The 2-6-0 Industrial was a bit generic when first produced, so it is a small loco with a small cab. Try inserting a 1:20.3 scale engineer (about 3-3.5" tall.) The 2-4-2 is a model of the Lynton & Barnstable loco "Lyn", which you can google for dimensions.

Your 2-6-0 Mogul (very similar to the Spectrum 4-4-0 American) is 1:20.3. They were small locos in the first place, so when you put them in front of a scale coach (e.g. the Accucraft Jackson & Sharp) they look very small. But that is prototypically correct.

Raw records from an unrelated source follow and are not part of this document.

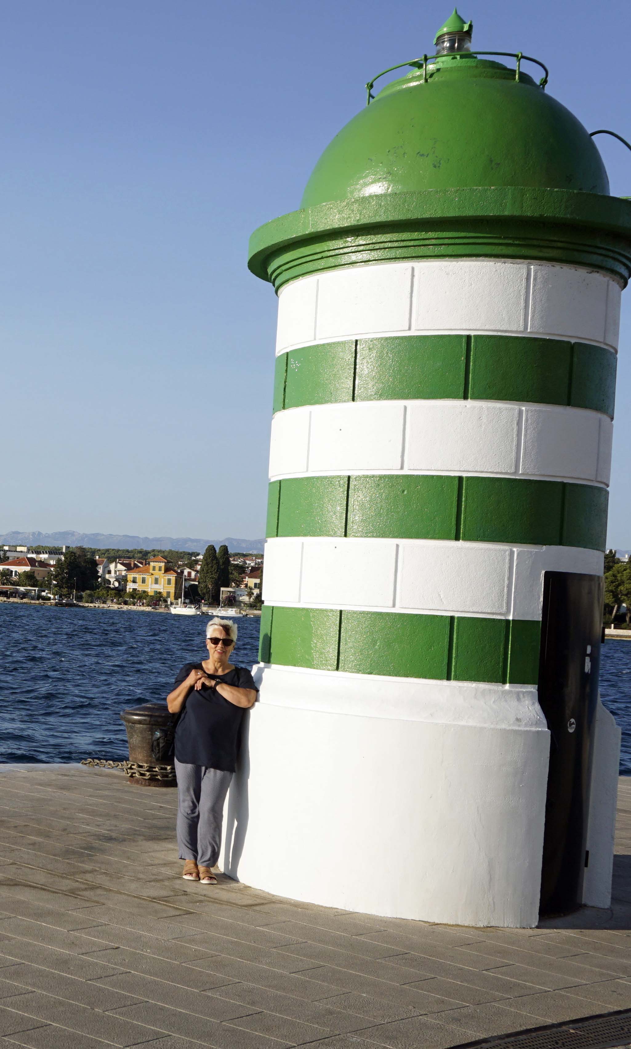 Gleich neben der Meeresorgel sehe ich zahlreiche Selfie-Stangen mit hineingrinsenden Menschen auf einer Scheibe stehen, die aus 300 mehrschichtigen Glasplatten besteht. Das ist der ‚Gruß an die Sonne‘. Bei Dunkelheit geben die Platten die Sonnenenergie des Tages in Form von Licht im Rhythmus der Meeresorgel ab: ein Denkmal für die Sonne, die hier im Meer hinter der Insel Ugljan untergeht. Für Alfred Hitchcock war es der schönste Sonnenuntergang der Welt. Jacky Kennedy – sie weilte nur zwei Stunden in der Stadt – hatte allerdings nur Augen für die 89 kargen Inseln der Kornaten. Davon später.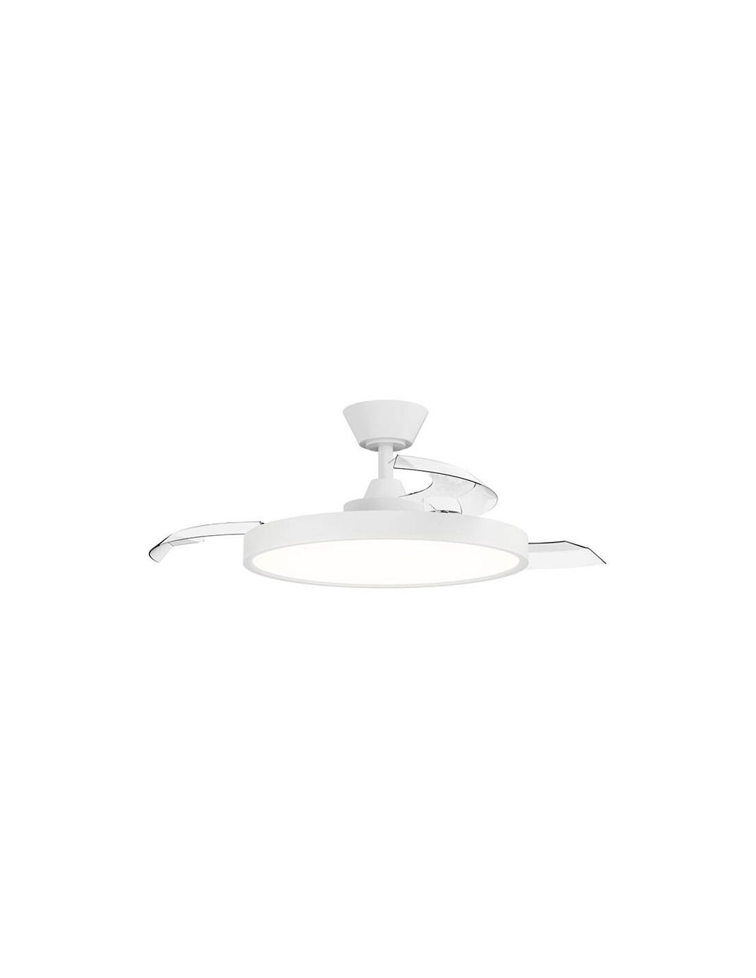 Découvrez le BOMBAY STYLE M , une réinvention moderne du ventilateur de plafond classique. Ce ventilateur innovant à pales rétractables transparentes se transforme en une lampe discrète à lumière LED CCT dimmable lorsque les pales sont fermées, offrant un éclairage adaptable à vos besoins. Son design minimaliste et sa finition blanc mat s'intègrent parfaitement dans n'importe quel environnement, offrant fonctionnalité et style sans sacrifier l'esthétique.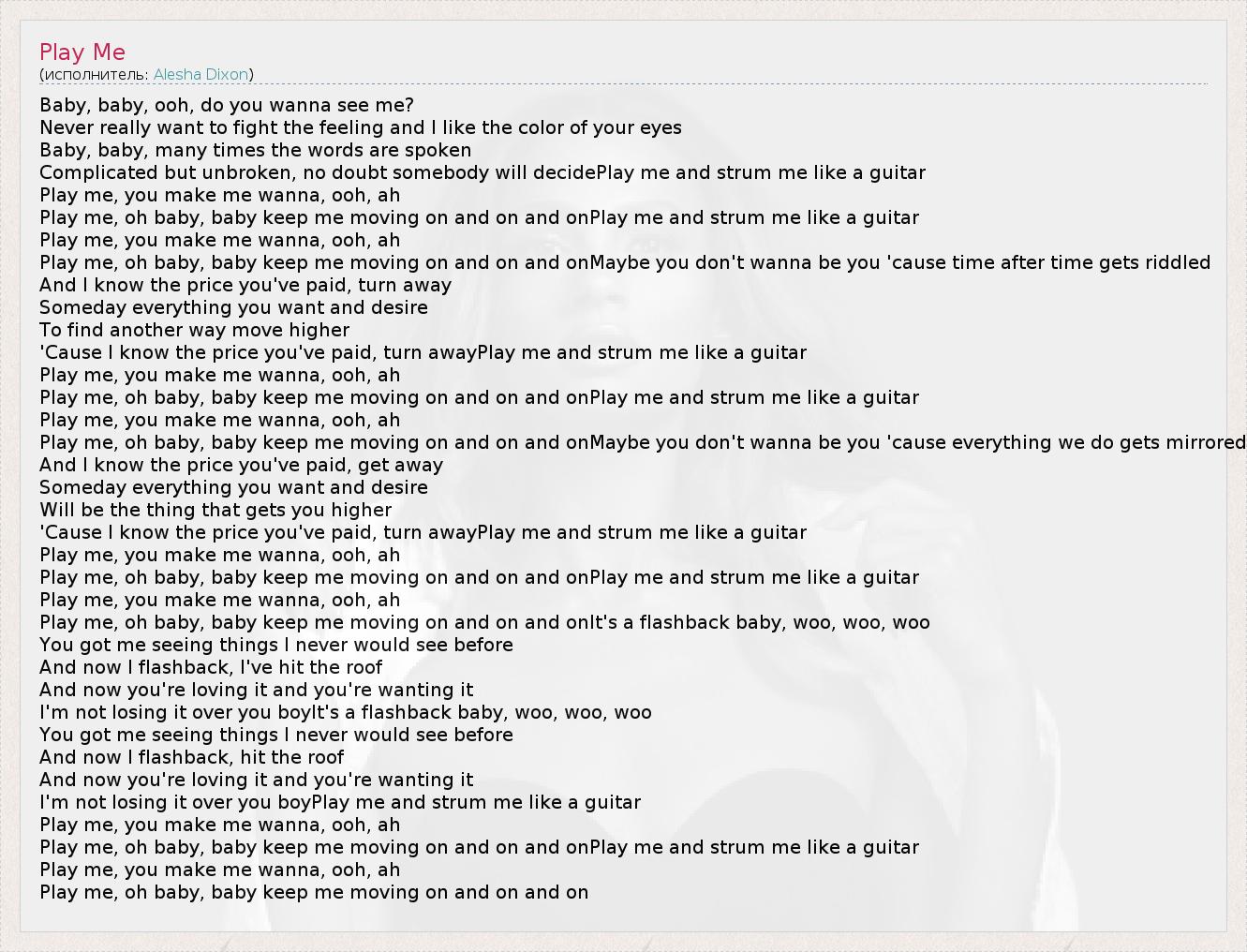 Baby, baby, ooh, do you wanna see me? Never really want to fight the feeling and I like the color of your eyes Baby, baby, many times the words are spoken Complicated but unbroken, no doubt somebody will decidePlay me and strum me like a guitar Play me, you make me wanna, ooh, ah Play me, oh baby, baby keep me moving on and on and onPlay me and strum me like a guitar Play me, you make me wanna, ooh, ah Play me, oh baby, baby keep me moving on and on and onMaybe you don't wanna be you 'cause time after time gets riddled And I know the price you've paid, turn away Someday everything you want and desire To find another way move higher 'Cause I know the price you've paid, turn awayPlay me and strum me like a guitar Play me, you make me wanna, ooh, ah Play me, oh baby, baby keep me moving on and on and onPlay me and strum me like a guitar Play me, you make me wanna, ooh, ah Play me, oh baby, baby keep me moving on and on and onMaybe you don't wanna be you 'cause everything we do gets mirrored And I know the price you've paid, get away Someday everything you want and desire Will be the thing that gets you higher 'Cause I know the price you've paid, turn awayPlay me and strum me like a guitar Play me, you make me wanna, ooh, ah Play me, oh baby, baby keep me moving on and on and onPlay me and strum me like a guitar Play me, you make me wanna, ooh, ah Play me, oh baby, baby keep me moving on and on and onIt's a flashback baby, woo, woo, woo You got me seeing things I never would see before And now I flashback, I've hit the roof And now you're loving it and you're wanting it I'm not losing it over you boyIt's a flashback baby, woo, woo, woo You got me seeing things I never would see before And now I flashback, hit the roof And now you're loving it and you're wanting it I'm not losing it over you boyPlay me and strum me like a guitar Play me, you make me wanna, ooh, ah Play me, oh baby, baby keep me moving on and on and onPlay me and strum me like a guitar Play me, you make me wanna, ooh, ah Play me, oh baby, baby keep me moving on and on and on

P.S. Bacmann's coaches are 1:22.5 and shortened as well, so they are not 1:20.3. Google "site:mylargescale.com bachmann coach sizes" and you'll find threads with photos of the different sizes.
And it is all subjective anyway. You might like the look of some 1:22.5 scale equipment. Narrow gauge railroads had all sorts of shapes and sizes of equipment.


----------



## East Broad Top (Dec 29, 2007)

The Bachmann ET&WNC mogul is 1:20.3, based on a c. 1876 Baldwin prototype. I believe it was a Baldwin 8-18-D -- 8 (total number of wheels) 18 (Baldwin's code for 12" diameter cylinders) D (3 coupled drive axles) Note that while the ET&WNC did have a similar mogul, it was an 8-22-D, built in 1880, and came with a larger, straight-top boiler as opposed to the wagon-top boiler on the Bachmann model. Bachmann's 4-4-0 would be an 8-18-C (two coupled drive axles), and is likewise very faithful to the prototype at 1:20.3. The thing to remember is that in the early-to-mid 1870s, narrow gauge equipment was small compared to what we commonly think of today in terms of narrow gauge equipment. 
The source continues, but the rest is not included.